▶ [EXERCISE INSTRUCTIONS]: What are the lines from the one containing "日本製の上質なコットンダブル" through the last line of the records below? Return them exactly, leaving out pictures.

================================

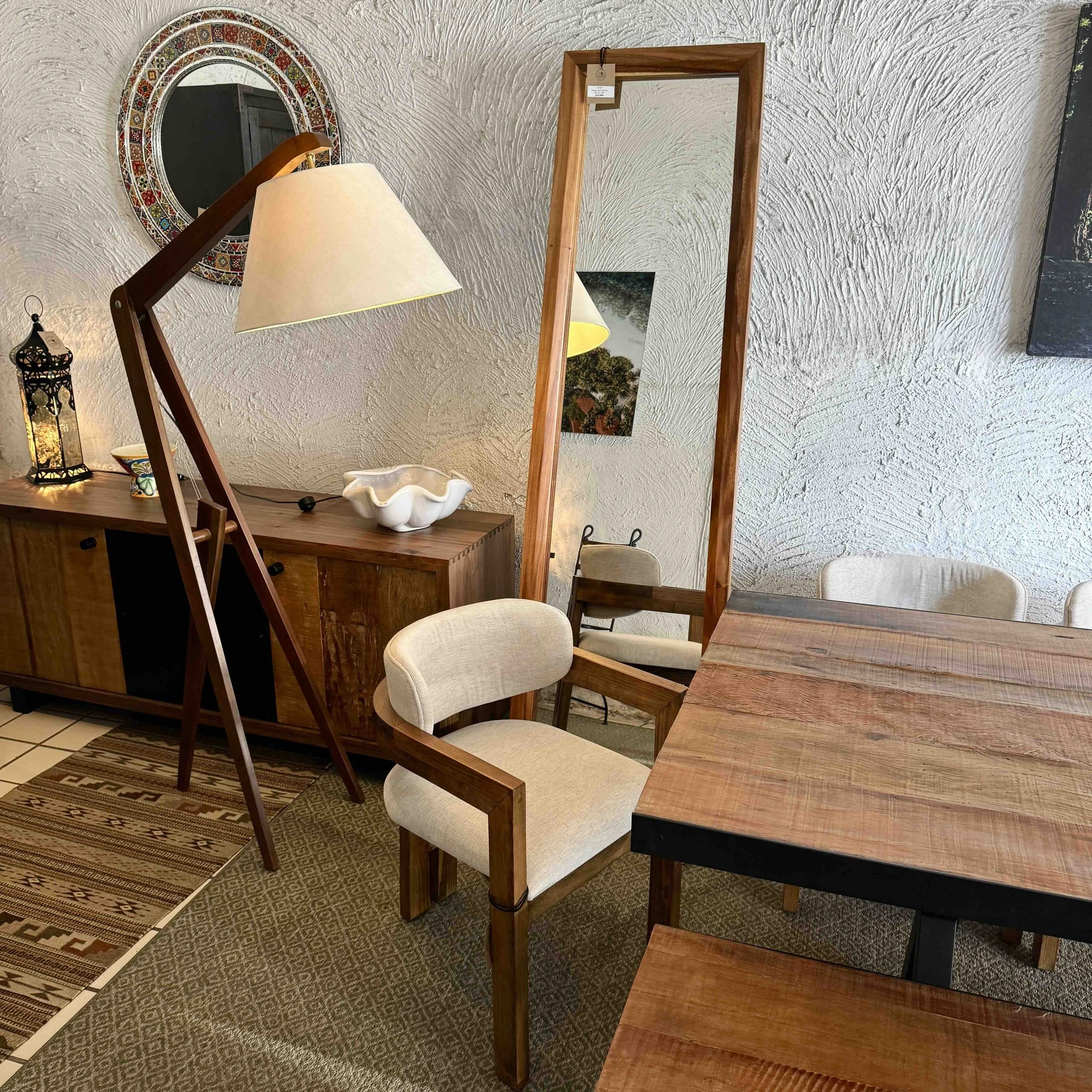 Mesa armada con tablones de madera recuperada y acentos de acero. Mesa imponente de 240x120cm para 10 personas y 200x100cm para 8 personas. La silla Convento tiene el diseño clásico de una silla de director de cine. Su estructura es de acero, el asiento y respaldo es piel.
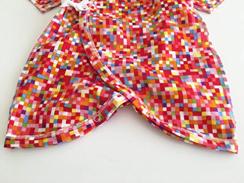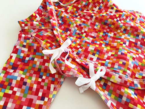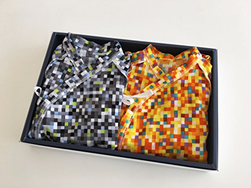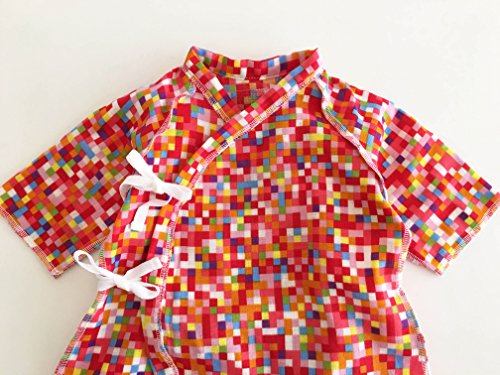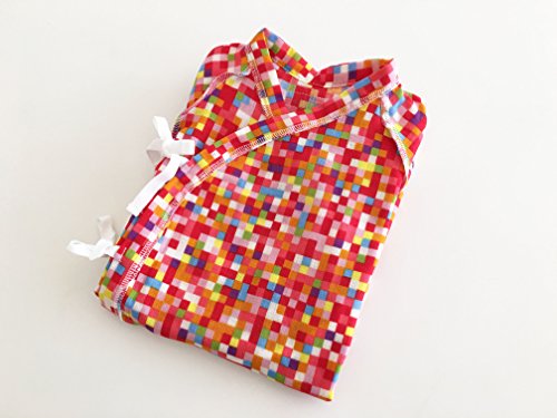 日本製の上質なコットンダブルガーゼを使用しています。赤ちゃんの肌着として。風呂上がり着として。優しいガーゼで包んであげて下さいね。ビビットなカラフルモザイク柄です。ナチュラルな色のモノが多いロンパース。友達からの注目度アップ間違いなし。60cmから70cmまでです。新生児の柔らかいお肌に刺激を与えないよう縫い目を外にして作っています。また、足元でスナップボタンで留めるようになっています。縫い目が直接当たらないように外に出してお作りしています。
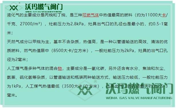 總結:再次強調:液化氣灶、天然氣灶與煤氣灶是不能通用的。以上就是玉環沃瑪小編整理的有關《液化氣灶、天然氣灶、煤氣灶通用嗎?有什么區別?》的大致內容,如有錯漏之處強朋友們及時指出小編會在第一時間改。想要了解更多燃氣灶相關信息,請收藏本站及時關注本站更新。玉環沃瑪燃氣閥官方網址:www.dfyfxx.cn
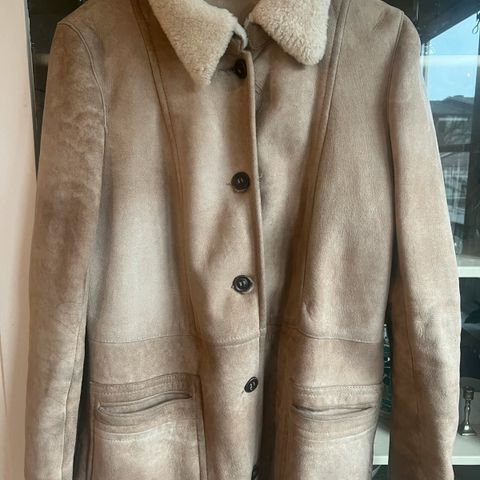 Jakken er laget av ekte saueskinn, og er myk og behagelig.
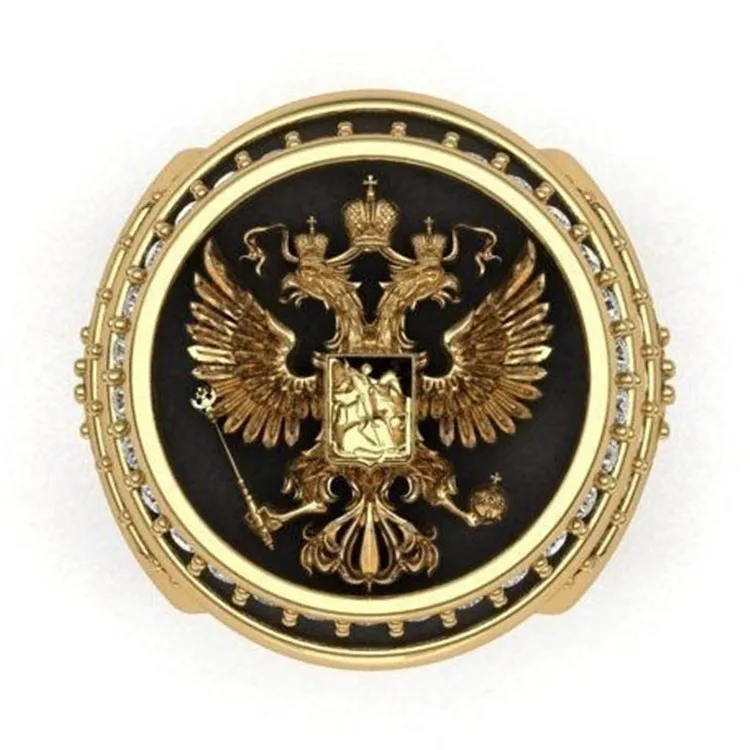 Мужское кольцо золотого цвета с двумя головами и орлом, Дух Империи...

================================

▶ [ANSWER FOR THE TASK]:
 日本製の上質なコットンダブルガーゼを使用しています。赤ちゃんの肌着として。風呂上がり着として。優しいガーゼで包んであげて下さいね。ビビットなカラフルモザイク柄です。ナチュラルな色のモノが多いロンパース。友達からの注目度アップ間違いなし。60cmから70cmまでです。新生児の柔らかいお肌に刺激を与えないよう縫い目を外にして作っています。また、足元でスナップボタンで留めるようになっています。縫い目が直接当たらないように外に出してお作りしています。
 總結:再次強調:液化氣灶、天然氣灶與煤氣灶是不能通用的。以上就是玉環沃瑪小編整理的有關《液化氣灶、天然氣灶、煤氣灶通用嗎?有什么區別?》的大致內容,如有錯漏之處強朋友們及時指出小編會在第一時間改。想要了解更多燃氣灶相關信息,請收藏本站及時關注本站更新。玉環沃瑪燃氣閥官方網址:www.dfyfxx.cn
 Jakken er laget av ekte saueskinn, og er myk og behagelig.
 Мужское кольцо золотого цвета с двумя головами и орлом, Дух Империи...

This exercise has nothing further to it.